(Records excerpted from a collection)
==================================================

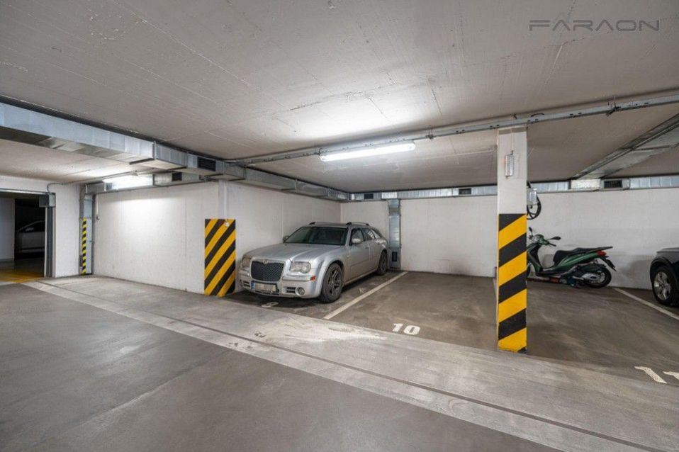 K bytu náleží sklep (5,40 m2) a garážové stání, další možnost parkování je volně před domem. K dispozici je společná sušárna a zahrada s dětským hřištěm ve vnitrobloku.
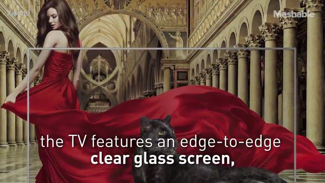 이 TV의 가장자리는 베젤없이 투명한 유리 스크린으로 되어 있는것이 특징이다.
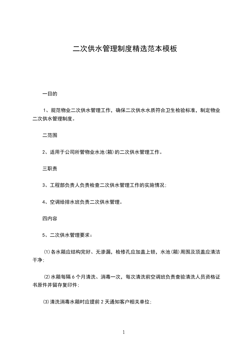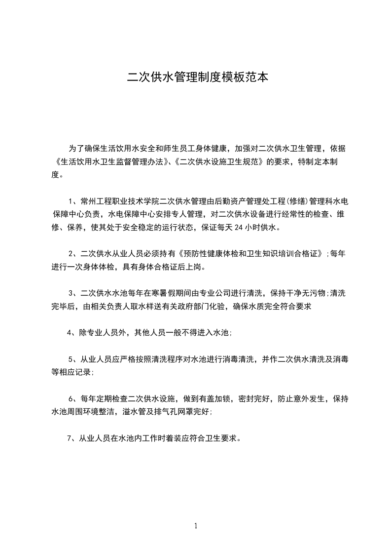 十、二次供水设备每周进行一次保养,并由设备责任人填写《二次供水设备周保养记录》。
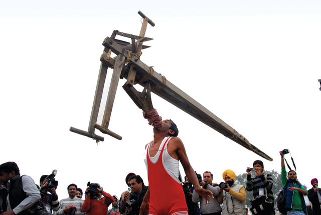 في قرية كيلا رايبور الهندية يقام سنويا مطلع شهر فبراير منذ العام 1933 أولمبياد الريف الهندي، هذه القرية التي تبعد 20 كيلومتراً من مدينة لوديانا، يتوافد إليها القرويون والفلاحون، الذين يحلمون بتحقيق ألقاب وأرقام قياسية ونيل جوائز في مهارات أحيانا تكون غريبة، مثل مهارة هذا الرجل، الذي حمل أمس بأسنانه محراثاً عملاقا، لا يمكن أن يجره إلا مجموعة من الثيران، وأمضى بين فكيه عدة دقائق أمام ذهول المشاهدين والمصورين. ويتوافد على القرية الصغيرة مشاركون وجمهور وإعلاميون من الهند ومن خارجها لمشاهدة غرائب المهارات والتحديات.
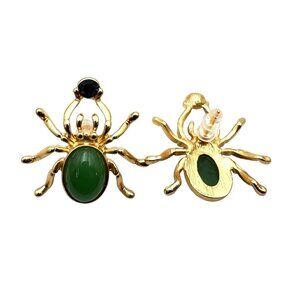 Fall Halloween Spider Earrings Pierced 18K Gold Plated Green Blue Rhinestone

==================================================

* [EXERCISE AIM]:
Omit the pictures, then extract verbatim only those lines that fall between the line containing "十、二次供水设备每周进行一次" and the final line of the records above, both included.

* [ANSWER FOR THE TASK]:
 十、二次供水设备每周进行一次保养,并由设备责任人填写《二次供水设备周保养记录》。
 في قرية كيلا رايبور الهندية يقام سنويا مطلع شهر فبراير منذ العام 1933 أولمبياد الريف الهندي، هذه القرية التي تبعد 20 كيلومتراً من مدينة لوديانا، يتوافد إليها القرويون والفلاحون، الذين يحلمون بتحقيق ألقاب وأرقام قياسية ونيل جوائز في مهارات أحيانا تكون غريبة، مثل مهارة هذا الرجل، الذي حمل أمس بأسنانه محراثاً عملاقا، لا يمكن أن يجره إلا مجموعة من الثيران، وأمضى بين فكيه عدة دقائق أمام ذهول المشاهدين والمصورين. ويتوافد على القرية الصغيرة مشاركون وجمهور وإعلاميون من الهند ومن خارجها لمشاهدة غرائب المهارات والتحديات.
 Fall Halloween Spider Earrings Pierced 18K Gold Plated Green Blue Rhinestone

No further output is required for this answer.